Mrs. Newell knew she wanted to take part and offer expanded opportunities for students at Georgia College.
“I wanted to do something for the university that would offer a little extra to the students, and I wanted to do something for myself,” she said.
During a Fall 2009 visit to Georgia College, Mrs. Newell met with Dr. Leland and finalized her plans for the donation to establish the Martha Daniel Newell Visiting Scholar Endowment.
“Endowments are lasting legacies to the donor and to the college,” noted Leland. “We are grateful recipients of this generous gift that will impact students and faculty for years to come.”
Martha Daniel Newell kept a personal memoir which included these entries about her years at Georgia College.
We weren’t allowed to ride in cars with boys. So our social life was rather restricted. We could go to dances at GMC under heavy chaperonage, and we had a couple of “free” weekends each semester when we could be away. Otherwise our dates had to be on campus dancing in the rec halls or walking or sitting on one of the many benches around. We had a night watchman to check on our behavior.
I was a class officer my freshman year and a winner in the “Miss Charming Smile” contest, also was in a movie-star lookalike contest, looking like Olivia DeHaviland or Andrea Leeds. Didn’t study much but managed to make decent grades.
During my sophomore year I was a class officer and had many dates with boys at Emory, Georgia Tech, University of Georgia and occasionally at Mercer University.
Music in the late thirties and forties was wonderful – at least for the teenage and college crowds. I remember once at a University of Georgia dance hearing Frank Sinatra sing when he was just a skinny kid with a good voice.
My junior year I was elected a student government officer, so my political career continued. I had decided to major in Home Economics – a grave mistake? What I should have majored in was French or Library Science. But hindsight is better than foresight. I did live in the “Practice House” one semester, plan and cook meals, etc., though I think I could have picked this up on my own at some point.

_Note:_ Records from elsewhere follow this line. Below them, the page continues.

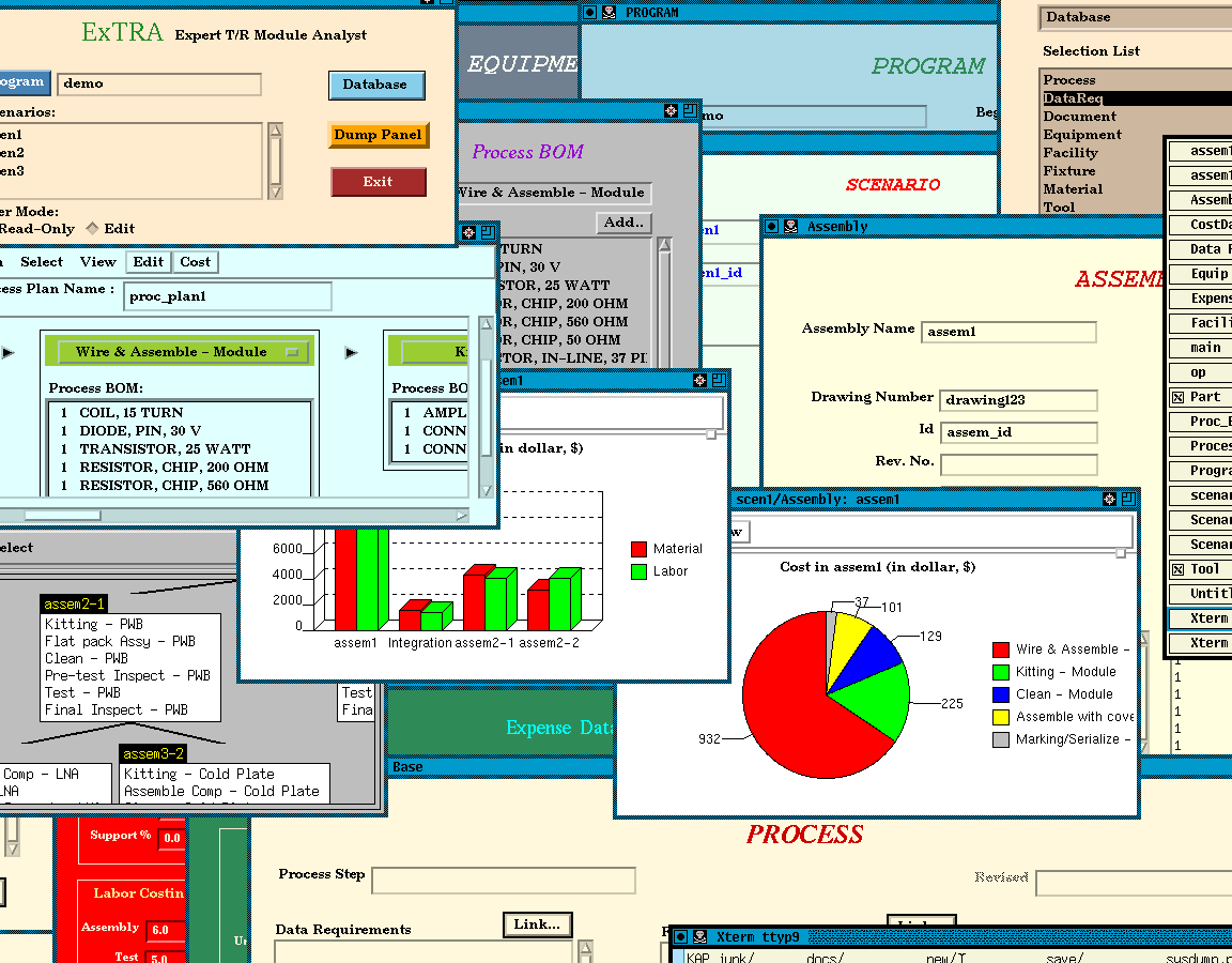 The ExTRA is used to generates new plans based on the design description and a set of manufacturing constraints; retrieve/modify existing process plans from the knowledge base; and analyzes resulting plans with respect to cost, quality and manufacturability. It can suggest cost-effective means of producing T/R modules by allowing a design to be rapidly subjected to "what-if" type of analysis techniques. Furthermore, ExTRA can result in trade-off studies of costs versus quality, or versus any suitable system performance measures. The cost model uses estimation techniques to closely match with the real data and ensures both accuracy and consistency with the Westinghouse data. The quality module is designed to investigate in the context of T/R modules both quality engineering for product design and for process design. The basic user interface of ExTRA system is mouse-driven and keyboard input oriented based on X-Window system environment.
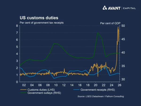 US federal government tariff revenues, meanwhile, have surged in 2025, providing a modest fiscal offset to widening US budget deficits, helping calm some investors’ concerns about debt sustainability.
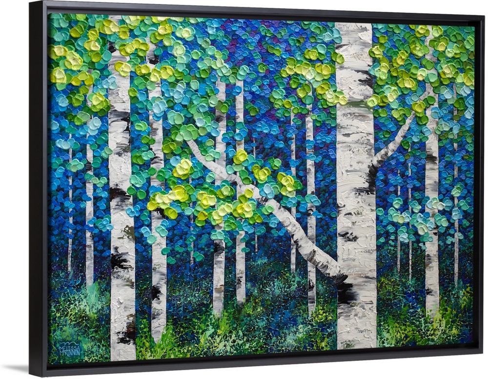 <p>Large original painting of green, blue, yellow aspen trees and birch trees in autumn forest by Canadian abstract landscape artist Melissa McKinnon created with a palette knife and thick texture</p>
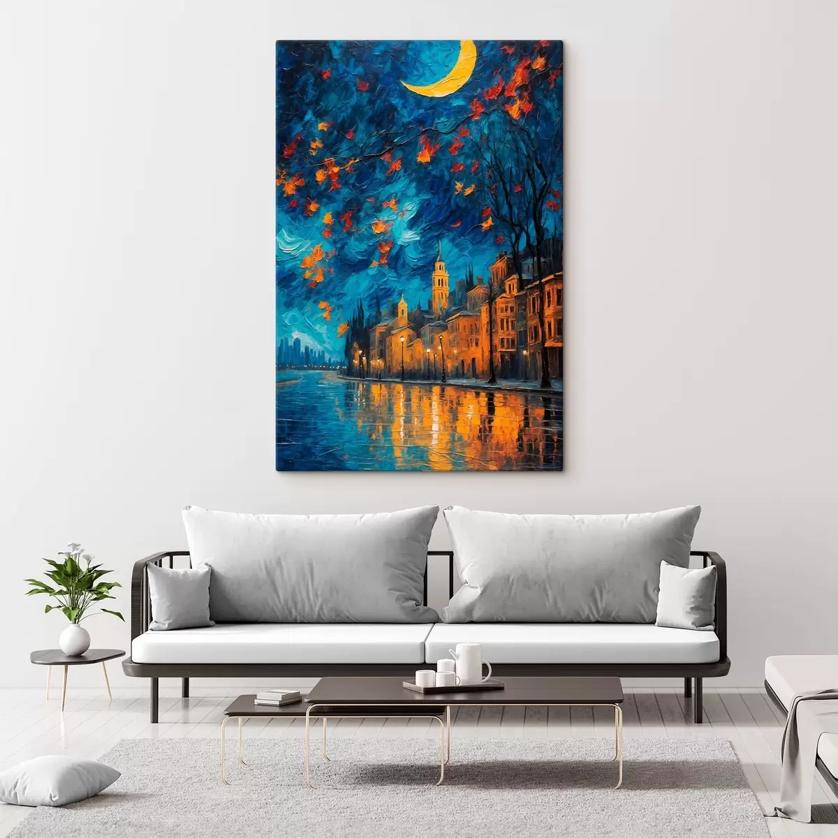 Obraz je možné zavesiť ihneď po jeho prevzatí. Obraz bude napnutý na drevených nosidlách so šírkou 2 cm.
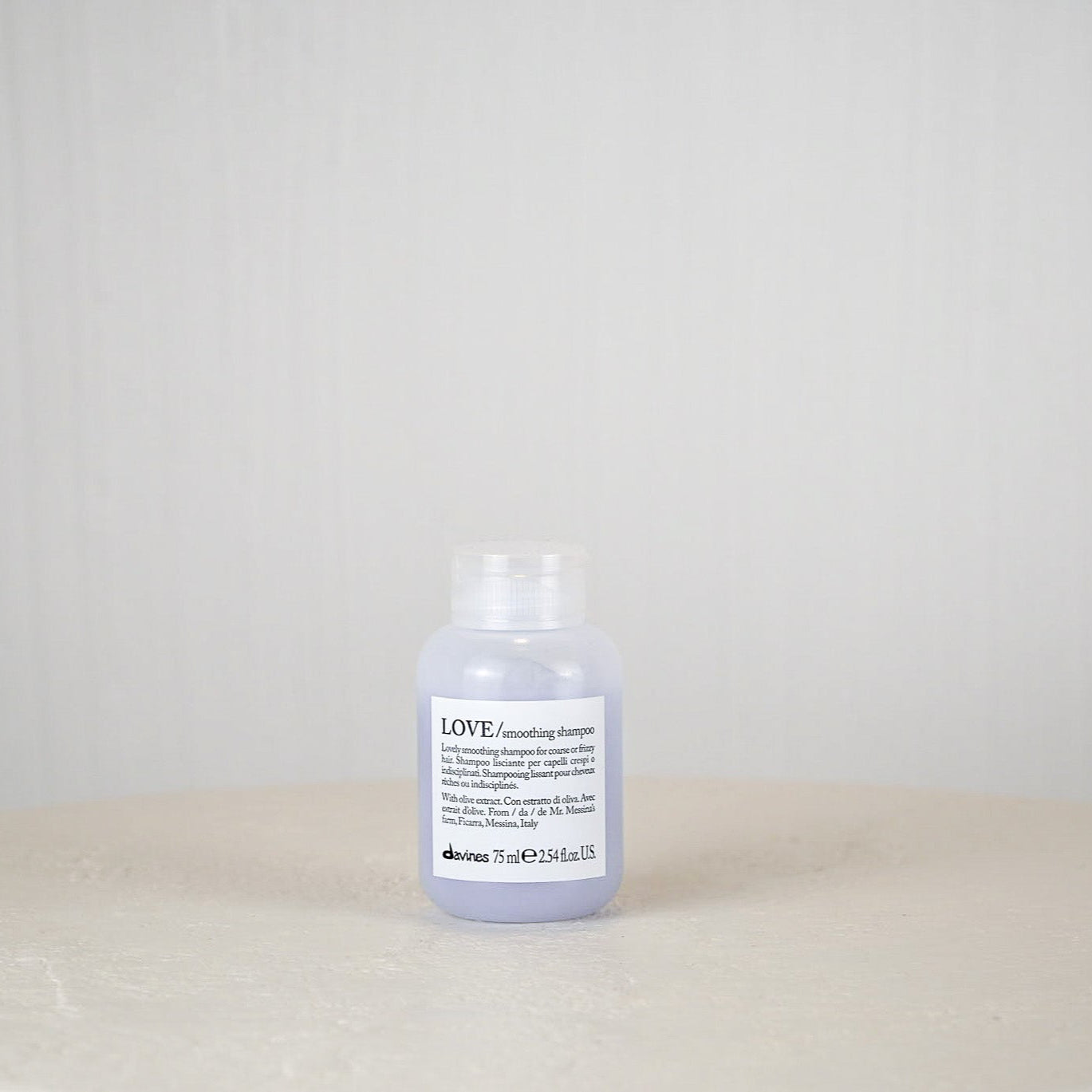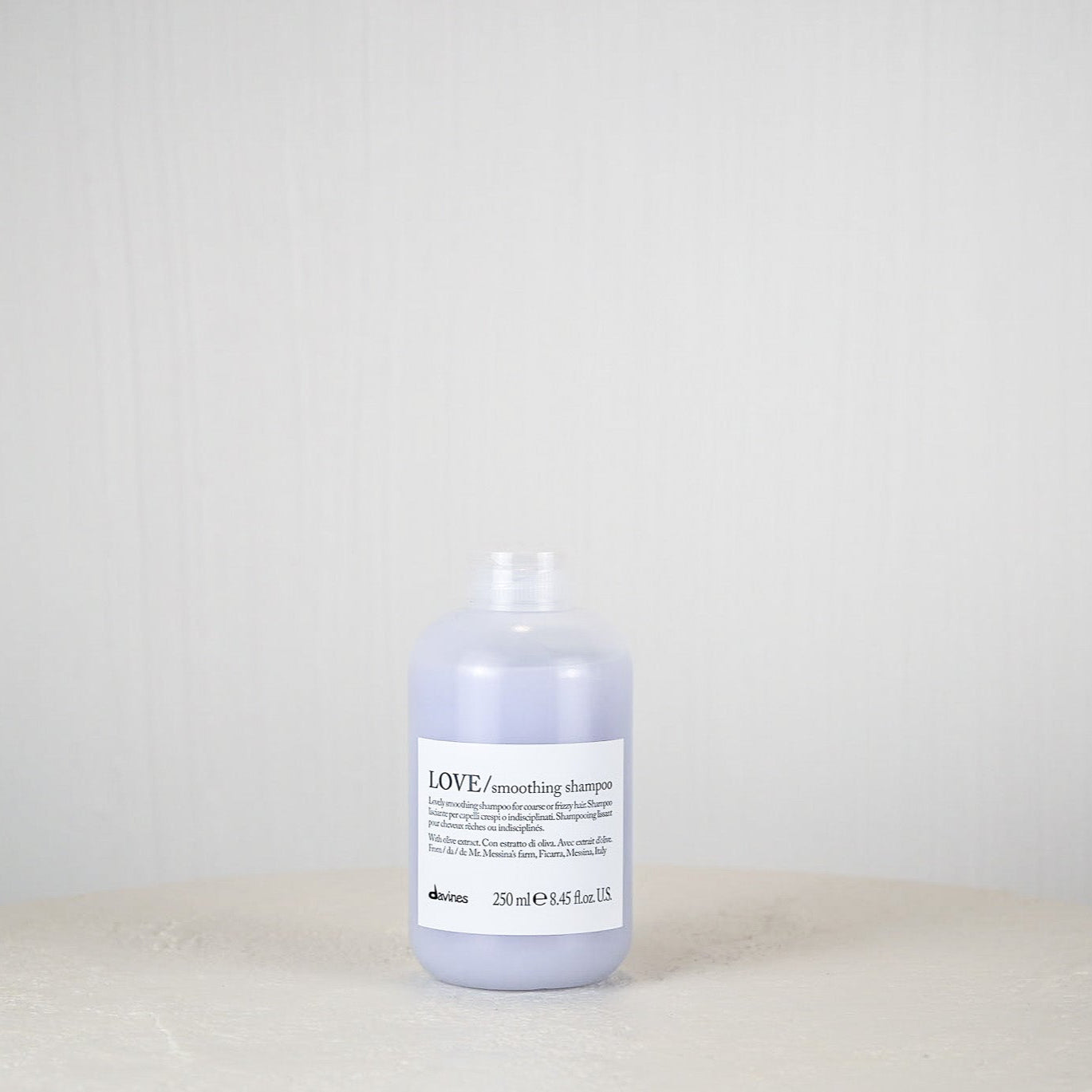 • Bottle of Davines LOVE smoothing shampoo on a light gray background
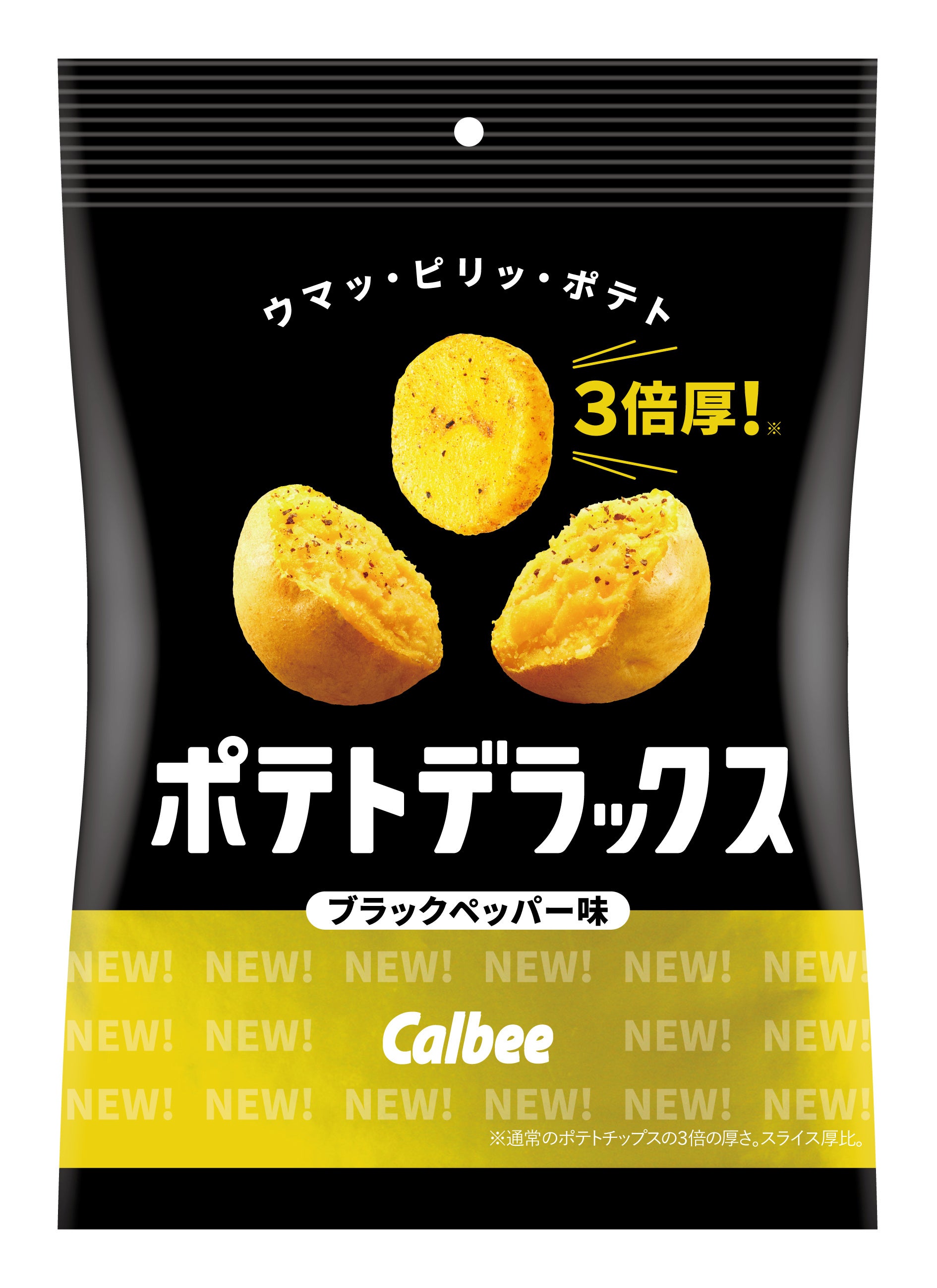 カルビー株式会社(本社:東京都千代田区、代表取締役社長:伊藤 秀二)は、カルビー最厚級※1で通常の3倍の厚さ ※2のポテトチップス「ポテトデラックス」シリーズを初めてリニューアルし、『ポテトデラックス マイルドソルト味/ブラックペッパー味/サワークリーム味』を2023年4月上旬より全国の店頭で順次切り替えて発売します。

My senior year I was elected president of the student body. This new duty consumed even more of my time away from my studies so I never got any scholastic honors.
On December 7th of that year, our world spun off in a different direction when suddenly the Japanese destroyed our naval fleet at Pearl Harbor and World War II began. All of our boyfriends, brothers, cousins and even some uncles and fathers were suddenly called into service.
The information on this page has been adapted from articles in the Spring 2010 Connection magazine.